La guerra también aceleró la compleja transformación del gobierno y un cambio integral en la naturaleza de la guerra que ya estaba en marcha en la Europa moderna temprana. En esta "revolución militar" que comenzó a fines del siglo XVI y en los primeros años de la guerra, los líderes militares y políticos lucharon con las ideas emergentes de organización, tecnología y estrategia militares. Sus soluciones, que implicaron la adopción de formaciones de infantería lineales masivas y cargas agresivas por parte de la caballería apoyada por artillería móvil, caracterizaron la guerra durante los siguientes dos siglos y requirieron cambios fundamentales en la forma en que los estados organizaban, entrenaban y mantenían los ejércitos. Asimismo, los soldados se adaptaron a nuevas ideas de entrenamiento técnico, riguroso y sostenido que cambiaron fundamentalmente la forma en que se preparaban para la batalla.

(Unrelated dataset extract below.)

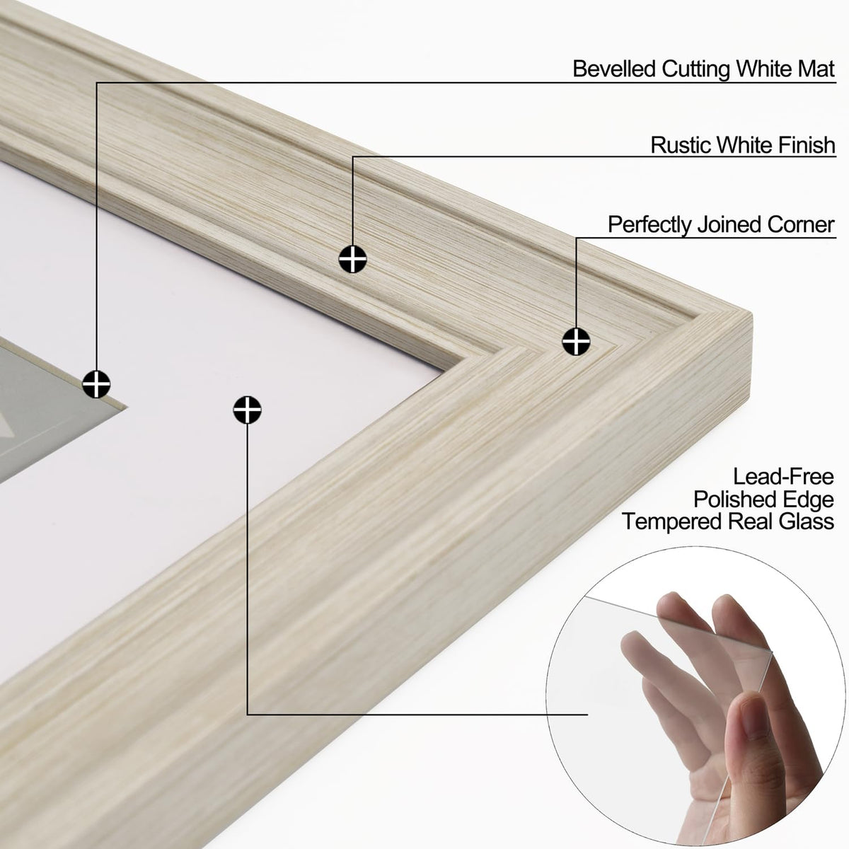 Yaetm 8x10 Picture Frame Matted to 5x7 Set of 4, 1.4 Wide Molding & Rustic White Photo Frames 8 x 10 with Tempered Glass, Dis

Simultáneamente con el deseo de evitar el derramamiento de sangre a gran escala y los cambios en la doctrina militar, surgieron nuevos tipos de fortificaciones que dejaron obsoletos los castillos de estilo medieval y las obras de asedio. Los movimientos de tierra ahora se enfrentaron con ladrillo o piedra y se diseñaron para lograr un perfil bajo para ofrecer la mayor resistencia posible a las armas de un atacante. Los estados comenzaron a construir series complejas de fortalezas para proteger puntos decisivos y delimitar fronteras. A principios del siglo XVIII, la guerra se convirtió principalmente en un asunto de asedios y reducción de fortificaciones fijas. La guerra de asedio, con sus atrincheramientos, artillería y equipo minero concomitantes, requirió enormes sumas de dinero y mano de obra a una escala sin precedentes, lo que planteó aún más demandas a los gobiernos que reforzaron la autoridad central y ampliaron la capacidad de los líderes estatales para responder de manera efectiva.

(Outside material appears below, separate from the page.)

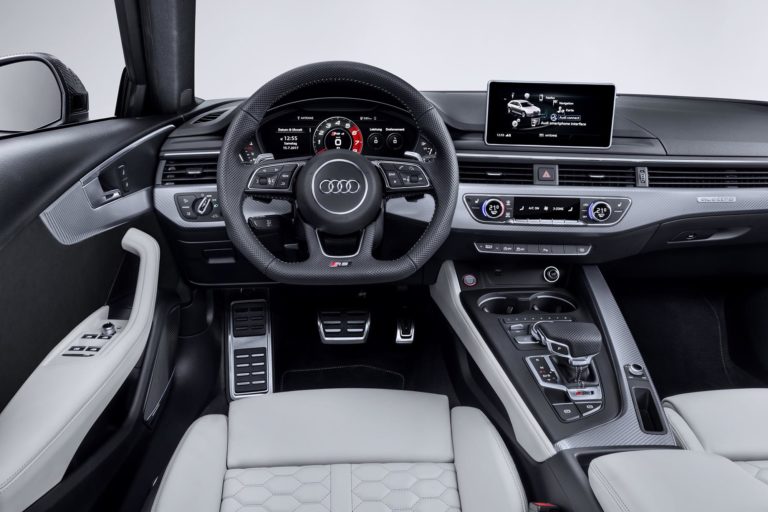 Az új RS4 Avant ugyanazt a 2,9 literes biturbó V6-ost kapta, mint az RS5 Coupé, nyolcfokozatú automatával, és a 450 lóerő és 600 Nm a quattro hajtással már elég sok mindenre képes.

La Paz de Westfalia fue un arreglo incompleto y no logró la paz general que predijeron sus promotores. Dentro de las tierras alemanas, las tensiones sociales y políticas, incluso si se vieron atenuadas por el agotamiento, permanecieron en gran parte sin abordar. La guerra continuó entre Francia y España hasta la Paz de los Pirineos en 1659. Incluso entonces, el ascenso francés, a veces atribuido como producto de Westfalia, no estaba asegurado. Se necesitaría ayuda inglesa en los años posteriores a 1648 y luego décadas de campaña de los generales de Luis XIV antes de que Francia finalmente emergiera triunfante sobre al menos los Habsburgo españoles.

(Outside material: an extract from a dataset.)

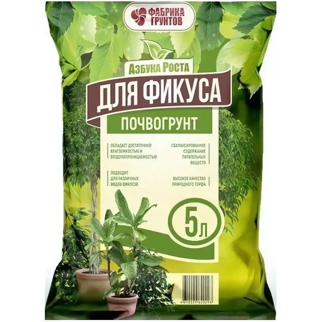 Почвогрунт «Азбука Роста» для фикуса, 5л, торф, удобрения, рыхлители

Sin embargo, a pesar de sus ambigüedades a corto plazo, la Guerra de los Treinta Años sigue siendo importante para la historia moderna. Los asentamientos de 1648, aunque incompletos en muchos aspectos, marcaron un hito hacia el futuro de Europa y, en última instancia, al sistema estatal internacional que aún funciona hoy.Las nuevas formas de guerra, la alineación de los estados de acuerdo con el equilibrio de poder e intereses económicos, y el crecimiento de las identidades políticas europeas fundadas en las nociones modernas de la condición de Estado, están contenidos en los tumultuosos años de 1618 a 1648.